1. Attrited customers tend to make less transactions (signified by the lower transaction frequency and lower total transaction amount over the last 12 months)

2. Attrited customers tend to borrow less money from a bank they are about to close the account in (signified by the lower utilization ratio and revolving balance)

3. Attrited customers tend to use less of the bank's services than the existing customers.

# Now let's try to classify.

We will be using top 6 features determined by the Random Forest.

In [None]:
features = ['Total_Trans_Amt',
             'Total_Trans_Ct',
             'Total_Ct_Chng_Q4_Q1',
             'Total_Revolving_Bal',
             'Total_Relationship_Count',
             'Total_Amt_Chng_Q4_Q1']

X = df.loc[:,features]
y = df['Attrition_Flag']

Let's have a look at the features' distribution, to determine which transformation/scaling technique to use.

In [None]:
fig, ax = plt.subplots(2,3,figsize=(10,10))
ax = ax.flatten()

for i,col in enumerate(X.columns):
    ax[i].hist(X[col])
    ax[i].set_title(f'Distribution of {col}')
    


All features besides `Total_Trans_Amt` are (roughly) normally distributed. To normalize `Total_Trans_Amt`, we will use logarithmic transform.

In [None]:
X['Total_Trans_Amt'] = np.log(X['Total_Trans_Amt']+1)

Now the distribution looks like this:

In [None]:
plt.hist(X['Total_Trans_Amt'])
plt.title('Distribution of `Total_Trans_Amt`')
plt.show()

Now we will split and standartize.

In [None]:
X_train,X_test,y_train,y_test = train_test_split(X,y,random_state=11)

sc = StandardScaler()
X_train = sc.fit_transform(X_train)
X_test = sc.transform(X_test)


In [None]:
scoring = make_scorer(f1_score,pos_label='Existing Customer')

# Naive Bayes

In [None]:
nb_clf = GaussianNB().fit(X_train,y_train)
print(classification_report(y_true=y_test, y_pred=nb_clf.predict(X_test)))
plot_confusion_matrix(nb_clf, X_test, y_test)

# Logistic regression

In [None]:
log_random_state = None
log_clf = LogisticRegression(random_state=log_random_state).fit(X_train, y_train)
print(classification_report(y_true=y_test, y_pred=log_clf.predict(X_test)))
plot_confusion_matrix(log_clf, X_test, y_test)

# KNN

We will use Grid Search (where metric we are trying to optimize is f1 score with `Attrited Customer` being a positive label)

In [None]:
MIN = 1 #Min number of neighbors
MAX = 30 #Max number of neighbors
knn_estimator = KNeighborsClassifier()
knn_clf = GridSearchCV(knn_estimator,
                       {'n_neighbors': range(MIN,MAX+1)}
                       ,scoring=scoring).fit(X_train, y_train)
print(f"Best estimator: {knn_clf.best_estimator_}")
print(classification_report(y_true=y_test, y_pred=knn_clf.predict(X_test)))
plot_confusion_matrix(knn_clf, X_test, y_test)

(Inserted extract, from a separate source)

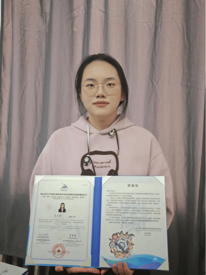 这次志愿服务经历让我明白:志愿者的价值不在做了多少事,而在于传递了多少温度。当脱下志愿者服装时,胸前的雪花徽章依然滚烫。这片黑土地赋予我们冰的坚毅、雪的纯粹,而我们正用青春的热度,让世界看见北国冰雪下跳动的心脏。

# Random Forest (with grid search)

In [None]:
estimator = RandomForestClassifier(random_state=13)
rf_clf = GridSearchCV(estimator,
                      param_grid={'n_estimators':[10,20,50,100], 'criterion': ['entropy','gini']},
                      scoring=scoring).fit(X_train, y_train)

print(classification_report(y_true=y_test, y_pred=rf_clf.predict(X_test)))
plot_confusion_matrix(rf_clf, X_test, y_test)

In [None]:
model = ['NB','Logistic','KNN','RF']
clfs = [nb_clf,log_clf,knn_clf,rf_clf]
f1_att = [f1_score(y_true=y_test,
                   y_pred=x.predict(X_test),
                   pos_label='Attrited Customer') for x in clfs]
f1_ex = [f1_score(y_true=y_test,
                   y_pred=x.predict(X_test),
                   pos_label='Existing Customer') for x in clfs]

f1_att = [round(x,2) for x in f1_att]
f1_ex = [round(x,2) for x in f1_ex]

In [None]:
fig, ax = plt.subplots(1,2,figsize=(10,6))
ax = ax.flatten()


ax[0].bar(model,f1_att)
ax[0].set_title('f1 score (Positive label: Attrited customer)')

ax[1].bar(model,f1_ex)
ax[1].set_title('f1 score (Positive label: Existing customer)')

plt.show()

We see that random forest gives us the most accurate prediction.